= Directions =
Print out every line of the material exactly. Include no pictures.

= Given material =
================================
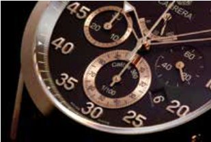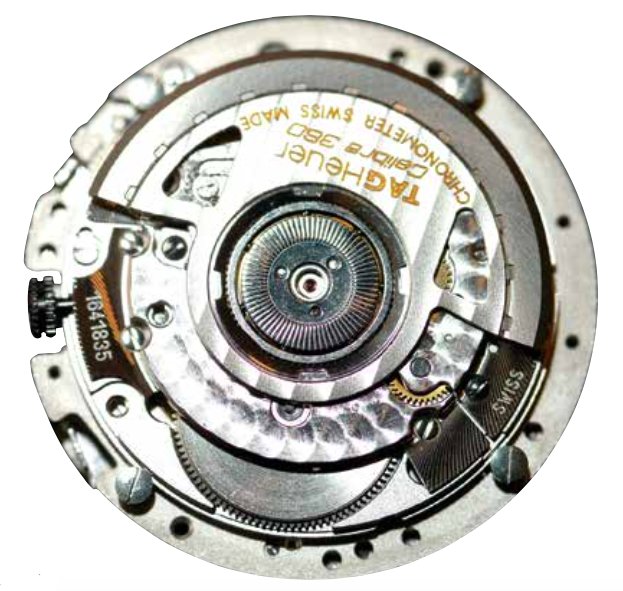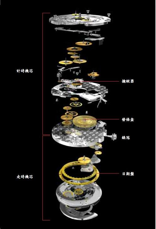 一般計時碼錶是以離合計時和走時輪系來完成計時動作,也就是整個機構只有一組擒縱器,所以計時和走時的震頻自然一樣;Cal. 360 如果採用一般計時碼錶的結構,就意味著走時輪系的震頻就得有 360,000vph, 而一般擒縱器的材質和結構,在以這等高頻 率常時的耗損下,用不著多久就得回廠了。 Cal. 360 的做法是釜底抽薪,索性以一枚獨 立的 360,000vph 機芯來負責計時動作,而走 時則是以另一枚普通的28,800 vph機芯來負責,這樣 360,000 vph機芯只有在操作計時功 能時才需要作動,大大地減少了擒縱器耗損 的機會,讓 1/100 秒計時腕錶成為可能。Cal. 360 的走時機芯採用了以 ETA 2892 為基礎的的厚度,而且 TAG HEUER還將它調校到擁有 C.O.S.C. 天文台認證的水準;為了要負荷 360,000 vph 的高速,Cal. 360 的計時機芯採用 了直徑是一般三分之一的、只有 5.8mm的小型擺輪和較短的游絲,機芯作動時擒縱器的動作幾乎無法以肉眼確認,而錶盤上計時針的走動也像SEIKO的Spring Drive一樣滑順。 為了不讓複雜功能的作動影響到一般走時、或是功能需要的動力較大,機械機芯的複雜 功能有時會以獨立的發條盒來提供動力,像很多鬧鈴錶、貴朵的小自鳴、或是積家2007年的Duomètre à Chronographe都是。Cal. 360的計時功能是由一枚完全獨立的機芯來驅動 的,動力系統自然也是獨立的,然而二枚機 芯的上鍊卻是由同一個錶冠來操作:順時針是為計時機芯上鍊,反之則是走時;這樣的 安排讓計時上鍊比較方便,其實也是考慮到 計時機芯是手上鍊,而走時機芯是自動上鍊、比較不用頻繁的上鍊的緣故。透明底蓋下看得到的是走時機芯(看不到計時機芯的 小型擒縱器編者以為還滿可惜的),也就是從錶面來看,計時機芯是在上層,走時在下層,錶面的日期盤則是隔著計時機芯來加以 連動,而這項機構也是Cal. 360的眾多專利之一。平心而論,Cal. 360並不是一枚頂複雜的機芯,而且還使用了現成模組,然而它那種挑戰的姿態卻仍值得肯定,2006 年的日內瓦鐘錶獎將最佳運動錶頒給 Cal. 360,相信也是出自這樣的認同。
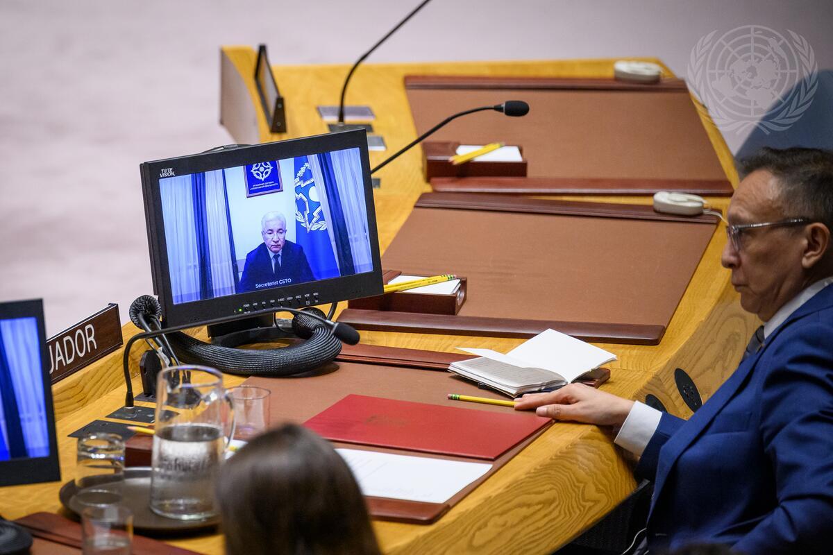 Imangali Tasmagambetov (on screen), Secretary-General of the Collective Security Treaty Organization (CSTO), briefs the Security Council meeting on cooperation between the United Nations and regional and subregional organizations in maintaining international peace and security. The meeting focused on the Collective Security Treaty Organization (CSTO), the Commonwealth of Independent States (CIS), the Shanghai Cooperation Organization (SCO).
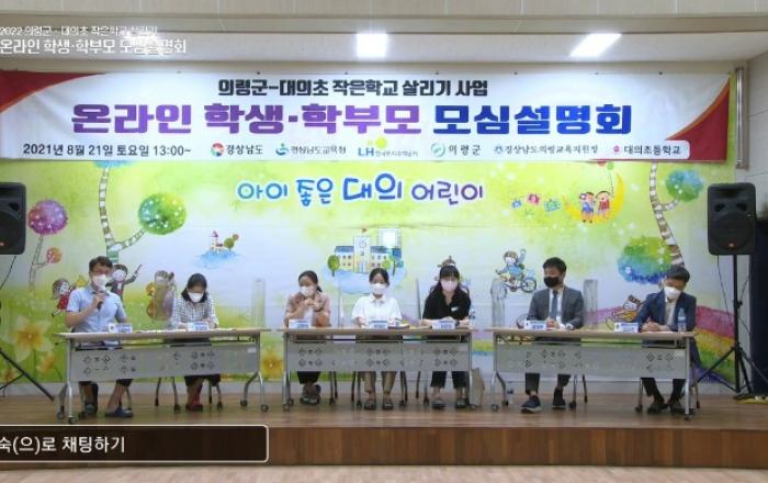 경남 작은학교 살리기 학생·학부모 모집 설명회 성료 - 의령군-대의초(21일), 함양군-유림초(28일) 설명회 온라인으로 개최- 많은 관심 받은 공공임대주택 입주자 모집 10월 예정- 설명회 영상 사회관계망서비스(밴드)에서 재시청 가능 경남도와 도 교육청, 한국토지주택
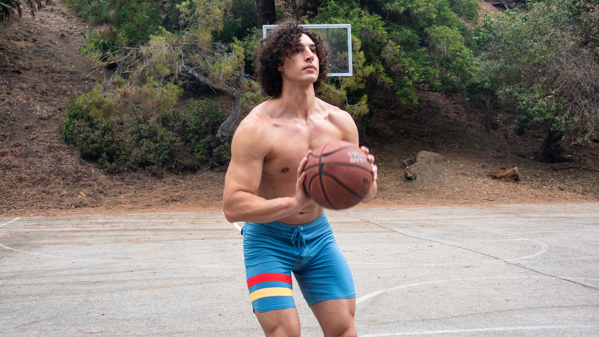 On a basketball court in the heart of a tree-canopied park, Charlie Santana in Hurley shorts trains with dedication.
================================
= Solution below =
 一般計時碼錶是以離合計時和走時輪系來完成計時動作,也就是整個機構只有一組擒縱器,所以計時和走時的震頻自然一樣;Cal. 360 如果採用一般計時碼錶的結構,就意味著走時輪系的震頻就得有 360,000vph, 而一般擒縱器的材質和結構,在以這等高頻 率常時的耗損下,用不著多久就得回廠了。 Cal. 360 的做法是釜底抽薪,索性以一枚獨 立的 360,000vph 機芯來負責計時動作,而走 時則是以另一枚普通的28,800 vph機芯來負責,這樣 360,000 vph機芯只有在操作計時功 能時才需要作動,大大地減少了擒縱器耗損 的機會,讓 1/100 秒計時腕錶成為可能。Cal. 360 的走時機芯採用了以 ETA 2892 為基礎的的厚度,而且 TAG HEUER還將它調校到擁有 C.O.S.C. 天文台認證的水準;為了要負荷 360,000 vph 的高速,Cal. 360 的計時機芯採用 了直徑是一般三分之一的、只有 5.8mm的小型擺輪和較短的游絲,機芯作動時擒縱器的動作幾乎無法以肉眼確認,而錶盤上計時針的走動也像SEIKO的Spring Drive一樣滑順。 為了不讓複雜功能的作動影響到一般走時、或是功能需要的動力較大,機械機芯的複雜 功能有時會以獨立的發條盒來提供動力,像很多鬧鈴錶、貴朵的小自鳴、或是積家2007年的Duomètre à Chronographe都是。Cal. 360的計時功能是由一枚完全獨立的機芯來驅動 的,動力系統自然也是獨立的,然而二枚機 芯的上鍊卻是由同一個錶冠來操作:順時針是為計時機芯上鍊,反之則是走時;這樣的 安排讓計時上鍊比較方便,其實也是考慮到 計時機芯是手上鍊,而走時機芯是自動上鍊、比較不用頻繁的上鍊的緣故。透明底蓋下看得到的是走時機芯(看不到計時機芯的 小型擒縱器編者以為還滿可惜的),也就是從錶面來看,計時機芯是在上層,走時在下層,錶面的日期盤則是隔著計時機芯來加以 連動,而這項機構也是Cal. 360的眾多專利之一。平心而論,Cal. 360並不是一枚頂複雜的機芯,而且還使用了現成模組,然而它那種挑戰的姿態卻仍值得肯定,2006 年的日內瓦鐘錶獎將最佳運動錶頒給 Cal. 360,相信也是出自這樣的認同。
 Imangali Tasmagambetov (on screen), Secretary-General of the Collective Security Treaty Organization (CSTO), briefs the Security Council meeting on cooperation between the United Nations and regional and subregional organizations in maintaining international peace and security. The meeting focused on the Collective Security Treaty Organization (CSTO), the Commonwealth of Independent States (CIS), the Shanghai Cooperation Organization (SCO).
 경남 작은학교 살리기 학생·학부모 모집 설명회 성료 - 의령군-대의초(21일), 함양군-유림초(28일) 설명회 온라인으로 개최- 많은 관심 받은 공공임대주택 입주자 모집 10월 예정- 설명회 영상 사회관계망서비스(밴드)에서 재시청 가능 경남도와 도 교육청, 한국토지주택
 On a basketball court in the heart of a tree-canopied park, Charlie Santana in Hurley shorts trains with dedication.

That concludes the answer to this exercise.